Distributed application of wind power and flexible grid-connected technology are widely promoted and applied. Distributed application of wind power and flexible grid-connected technology in Europe and the United States are becoming more mature, and distributed access and microgrid application are becoming a growing trend. Its technical direction and applicability are very worthy of reference for my country, especially for advanced technologies such as fault ride-through, frequency support and island protection for distributed access power sources. In addition, wind power sources and traditional power sources, energy storage, loads, other new energy sources, charging piles and intelligent distribution protection systems will have more diverse and in-depth interactions, and there will be broad technical development space in terms of operation control, information interaction and safety.

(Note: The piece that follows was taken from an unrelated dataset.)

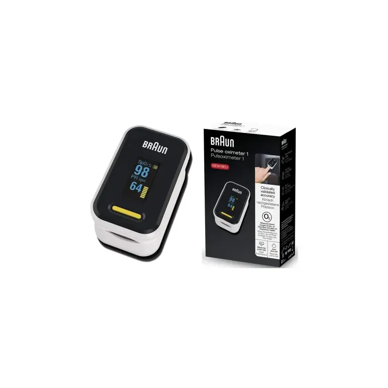 Oxymètre de pouls Braun 1, appareil portable et simple pour la mesure de la saturation en oxygène (SpO_2) et du pouls chez l'adulte, doté d'un écran OLED rotatif pour une lecture claire.

The gap between my country's wind power industry and foreign wind power technology

The key technologies and core components of wind turbines are controlled by foreign countries. There are still some "neck-stuck" technologies in my country's wind turbine components, and there is a risk of supply interruption, mainly including: First, the IGBT/IGCT semiconductor power devices and core control chips used in inverters and pitch control systems are mainly monopolized by Infineon (Germany), Mitsubishi (Japan), and Semikron (Germany). Second, the main shaft bearings, gearboxes and high-speed shaft bearings in generators used in large wind turbines are mainly monopolized by imported brands such as SKF (Sweden), FAG (Germany), and NSK (Japan). Third, the engineering analysis software used for design and development has been monopolized by Europe and the United States for a long time. There are also some short-board technologies that are somewhat behind developed countries, mainly including high-speed data acquisition system chips used in wind turbine main control and certification test systems, biaxial fatigue test equipment for blades, and automated auxiliary production equipment.

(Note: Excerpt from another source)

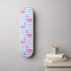 Pink Flamingo Fun Pattern - flamingo birds on a blue and white striped background - skateboards from Ricaso

The intelligent construction and test technology of wind farms lag behind those of Western countries. The first is digital wind power technology. Foreign countries are in the demonstration application stage in terms of adaptive control, wake control of wind farm clusters, and digital twins. There is no complete evaluation system and mature quantitative analysis method for domestic intelligent fault diagnosis and early warning. There is a gap between onshore wind power operation and maintenance and foreign countries in terms of refinement and informatization. There is a lack of offshore operation and maintenance experience, and digitalization and informatization need to be improved urgently. The second is test and testing technology. The research on public test system technology lags behind advanced countries. There is no full-scale ground transmission chain test system and offshore wind power test technology demonstration base. The relevant test technology has not been mastered, and the offshore wind power detection capability has not yet been systematically formed. Foreign countries have complete public test and detection capabilities.

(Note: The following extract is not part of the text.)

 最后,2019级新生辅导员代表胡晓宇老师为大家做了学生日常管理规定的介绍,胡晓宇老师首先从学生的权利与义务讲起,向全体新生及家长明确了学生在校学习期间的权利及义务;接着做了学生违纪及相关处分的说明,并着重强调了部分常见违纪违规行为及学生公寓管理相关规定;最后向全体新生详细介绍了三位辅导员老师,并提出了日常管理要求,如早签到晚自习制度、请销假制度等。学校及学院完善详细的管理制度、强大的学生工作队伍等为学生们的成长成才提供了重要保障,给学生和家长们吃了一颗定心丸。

There is a gap between China and the West in terms of ultra-high tower and deep-sea construction technology. First of all, in the field of construction technology, my country's ultra-high tower technology is in its infancy. In this regard, it is necessary to combine my country's market demand and natural environment to improve the line design and road design scheme, object recognition algorithm, field experience recognition, transportation status digital monitoring and field construction plan in one three-dimensional visual construction process management. Offshore construction technology needs to establish offshore load closed-loop design technology; realize the overall iteration technology of the common platform of offshore environment-support structure-unit; support the construction and operation and maintenance technology of large offshore units of 10MW and above. In addition, foreign offshore wind power has been developed on a large scale, and offshore floating wind power has been demonstrated and operated. There is a large gap in domestic high-power offshore floating support structure technology.